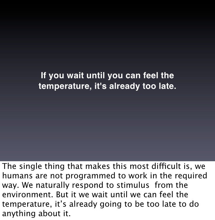 8. 8. If you wait until you can feel the temperature, it's already too late. The single thing that makes this most difficult is, we humans are not programmed to work in the required way. We naturally respond to stimulus from the environment. But it we wait until we can feel the temperature, it’s already going to be too late to do anything about it.
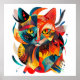 A cat illustrated in geometric shapes and vibrant colors that bring a joyful energy. This artistic piece is perfect for lovers of cats and modern design. 🐱 🌟
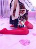 性感sao浪妩媚大红色过膝长筒袜
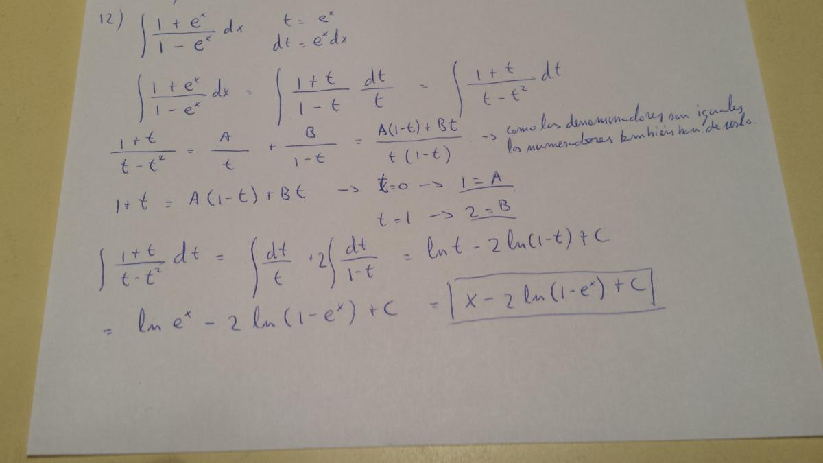 Hola a todos, teneís una web magnífica y me encanta la labor que estais realizando, a ver si me podeis ayudar con la siguiente duda. Al resolver esta integral por sustitución el resultado creo que me sale mal. La solución que dan por buena en Vitutor es: x - 2 ln (e^x -1)+C y a mi me da: x - 2 ln (1 - e^x) + C
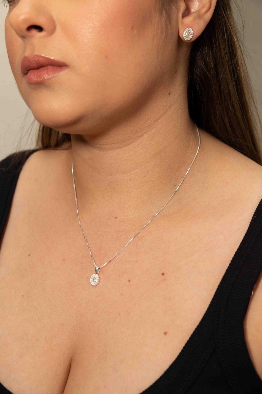 Conjunto cravejado cristal na prata925
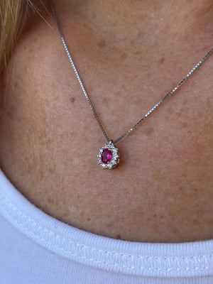 Il pendente in argento 925 rodiato presenta una pietra ovale rossa incorniciata da zirconi bianchi che ne esaltano la lucentezza e la profondità.
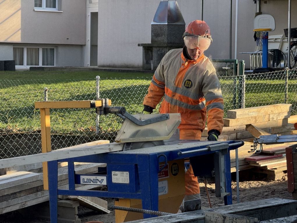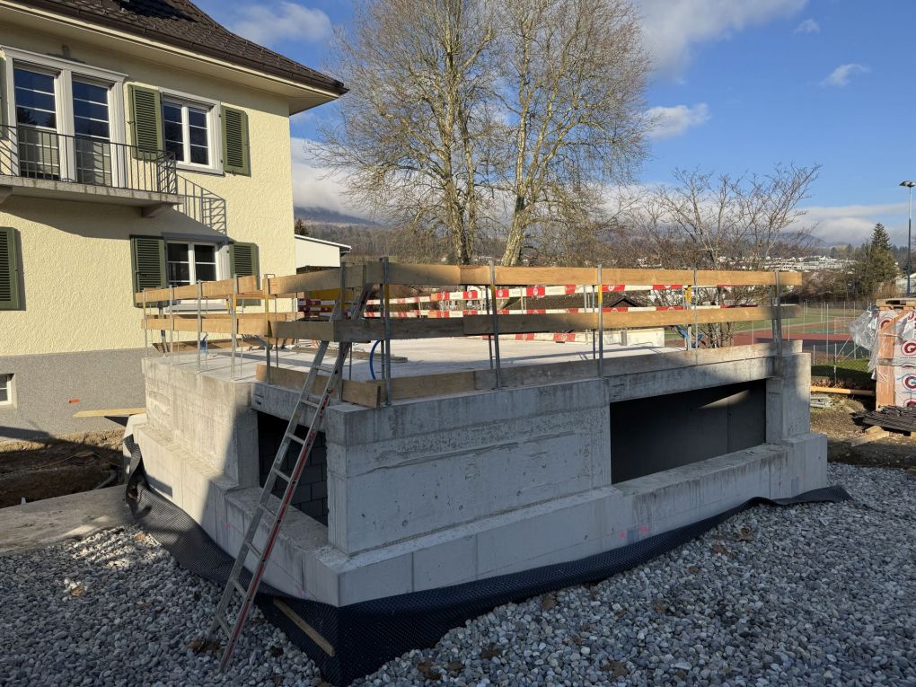 Es wird fleissig für das nächste Jahr gearbeitet: Im Aussengelände wird ein Massivsockel aus Beton vorbereitet, worauf dann im Januar die Fertigbauelemente angebracht werden. Innenseitig wird der Treppenkern aufgezogen und mittels Stahlkonstruktion verstärkt.

Activity >>
Your answer should consist solely of the lines from the one with "Conjunto cravejado cristal na prata925" through the last line of the entries, restated word for word, with the pictures omitted.

Your response >>
 Conjunto cravejado cristal na prata925
 Il pendente in argento 925 rodiato presenta una pietra ovale rossa incorniciata da zirconi bianchi che ne esaltano la lucentezza e la profondità.
 Es wird fleissig für das nächste Jahr gearbeitet: Im Aussengelände wird ein Massivsockel aus Beton vorbereitet, worauf dann im Januar die Fertigbauelemente angebracht werden. Innenseitig wird der Treppenkern aufgezogen und mittels Stahlkonstruktion verstärkt.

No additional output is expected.